Fighting the Fatigue – Exercise and TBI

Before Christmas I had an interesting chat with a fellow patient after my hyperbaric oxygen session. We were discussing exercise and he was saying that since his injury he hasn’t had the energy to workout. He explained that he had horrible fatigue from the TBI, and that he didn’t think he would ever be able to ride his bike or run, or exercise the way he used to.  I told him that I know that crushing fatigue. I know what it is like to not even have the energy to get out my pajamas. Even though I ran 100 miles, there are still days when I feel like it would be easier to just stay in bed, or do nothing but nap on the couch. On bad days, finding the motivation to get moving can be hard, and to be honest, I don’t always win that battle. However, the majority of the time if I drag my butt out of bed and exercise I finish with more energy, mental focus, and a much better mood.

This isn’t a new concept. A good deal of research exists on the subject of exercise after TBI.  Brainline posted one video about a research study showing TBI patients that exercised had few cognitive symptoms and less depression. Knowing this information, and convincing a population of patients with horrible fatigue to exercise, are two different things.

Snow running. Getting out is always easier with company.

For what it is worth, my personal experience strongly supports the research. The more fatigue I feel, the less likely I am to exercise, and then I feel even more fatigue, and then the depression moves in like an enormous wet blanket, and then I’m even less likely to exercise. It is a negative loop. It takes a lot of effort to push beyond the fatigue and depression, and get moving. At the time of my crash, we were riding our bikes from Vienna to Venice. I was the strongest I have ever been on the bike, and yet in the weeks after the crash, just walking around the block was exhausting. My return to running was painfully slow; beginning literally with a few steps of what could barely count as a “jog”. But every day that I got out, I felt better. If I had gone out the first time and tried to run a mile, it would have been awful.

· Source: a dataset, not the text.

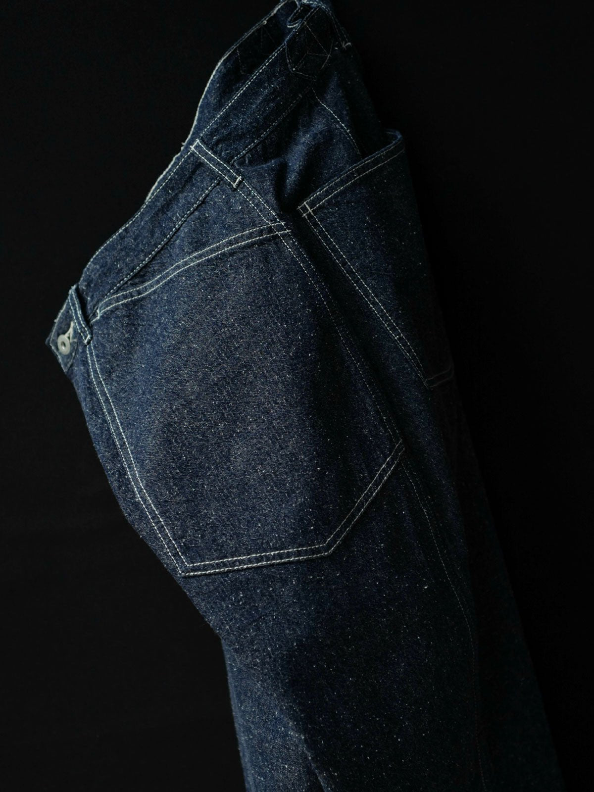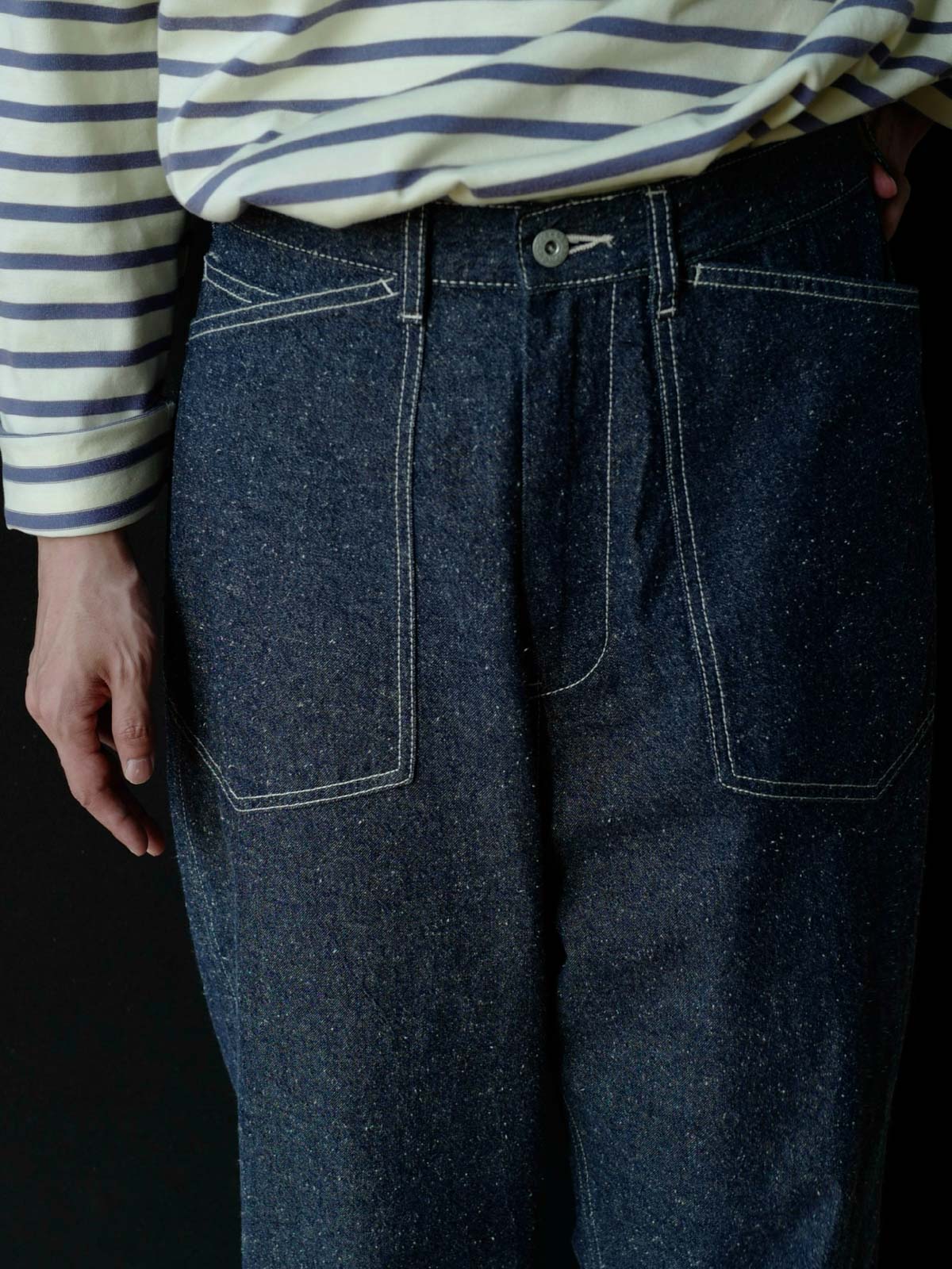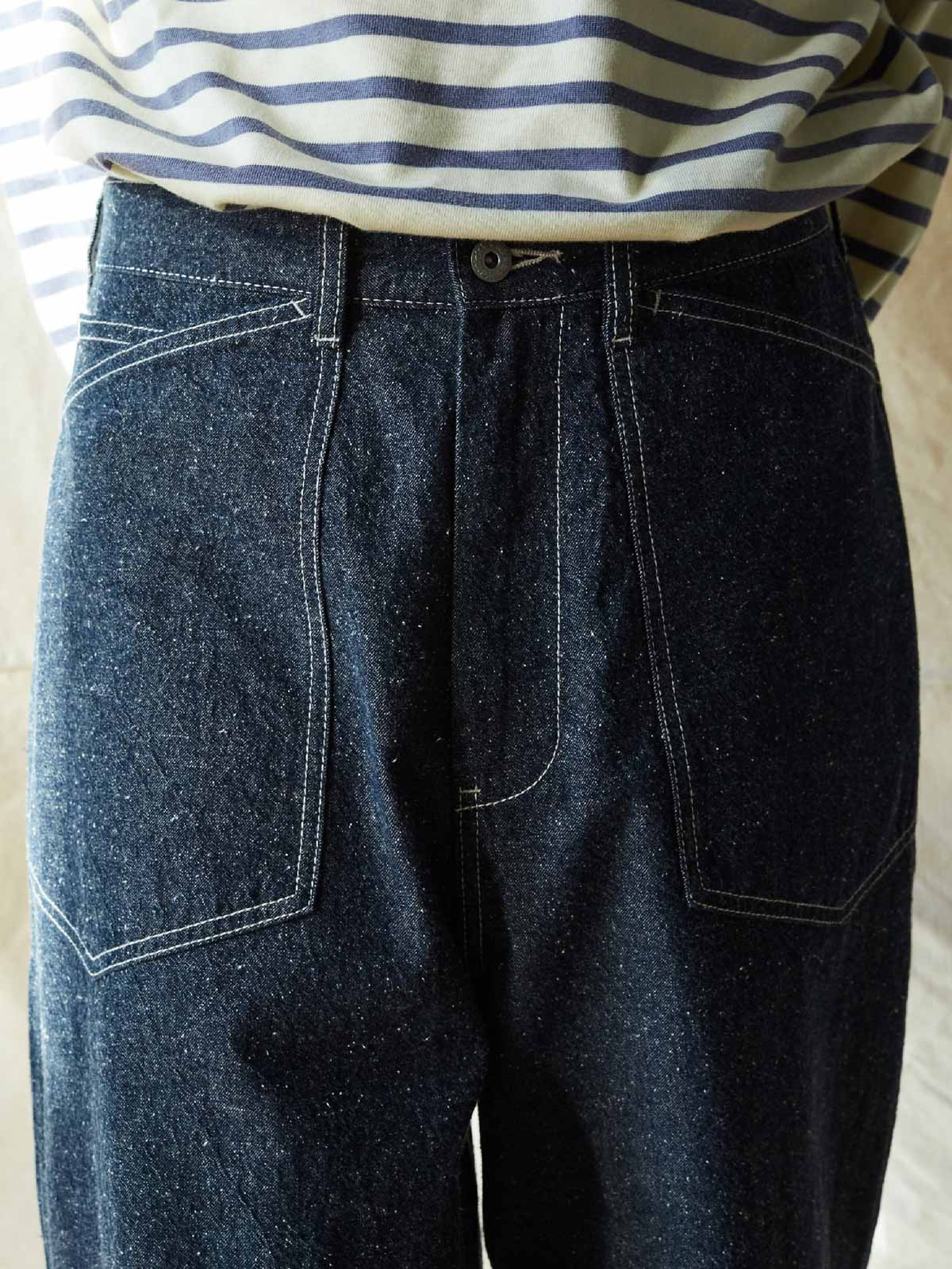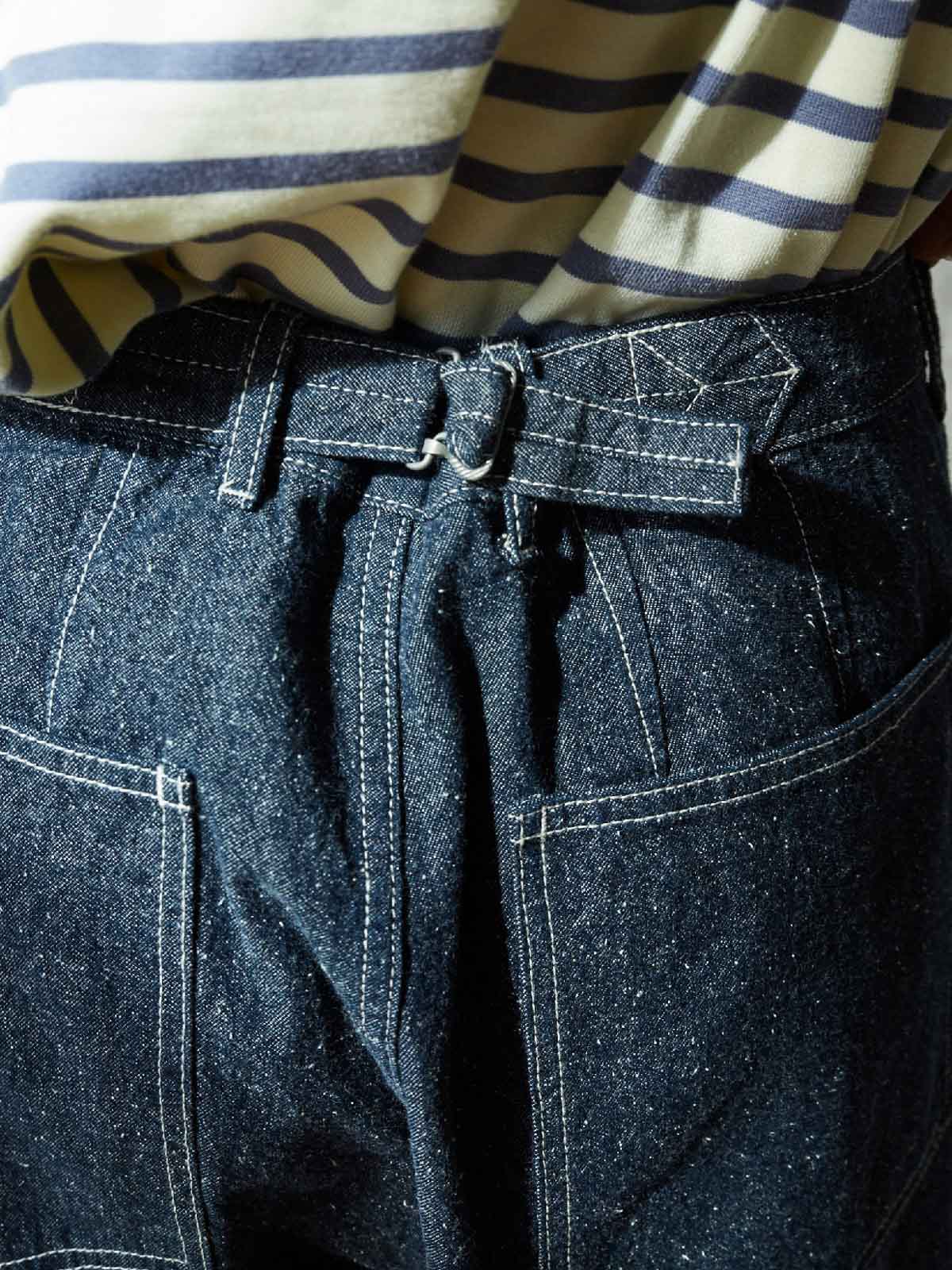 このデニムパンツは、M35軍パンのクラシックなデザインと高密度コットンデニム素材を組み合わせ、ヴィンテージ感とモダンな実用性を兼ね備えたファッションアイテム。

Gradual habituation is the key for returning to most activities after brain injury. Waiting around to feel better before returning to activity means waiting a long time. It will not get easier without training the brain to handle it again.

When I spoke with this fellow patient, I tried my best to be motivational, but I’m not sure it had much impact, except for maybe on myself. Over the last month I have found myself in this negative loop of inactivity, lethargy, and depression. I’m not really sure if the hyperbaric oxygen therapy is wearing me out, or the holidays, or the weather, or getting sick, or if I was simply going to be at one of my low points. Regardless of the cause, here I am, and it is time to stop the negative loop.

Kili helping me with my yoga.

The conversation with my fellow patient made me think about all the things I still avoid, and I decided I need to take my own advice. This week, I started yoga. I haven’t been to a class post-TBI. I’ve told myself all the excuses – I can’t drive to the studio, I can’t listen to music, it would be too hard, my balance isn’t good. Well, it is time for baby steps. I found a yoga for runners video on YouTube that had no background music. I set up my mat in the study. I fell. More than once. The point is that I did it, and I did it again the following day.

Today I did my strength and core work. Tonight I will find a race and I will register. Tomorrow I will run; if you can call slogging through the deep snow “running”.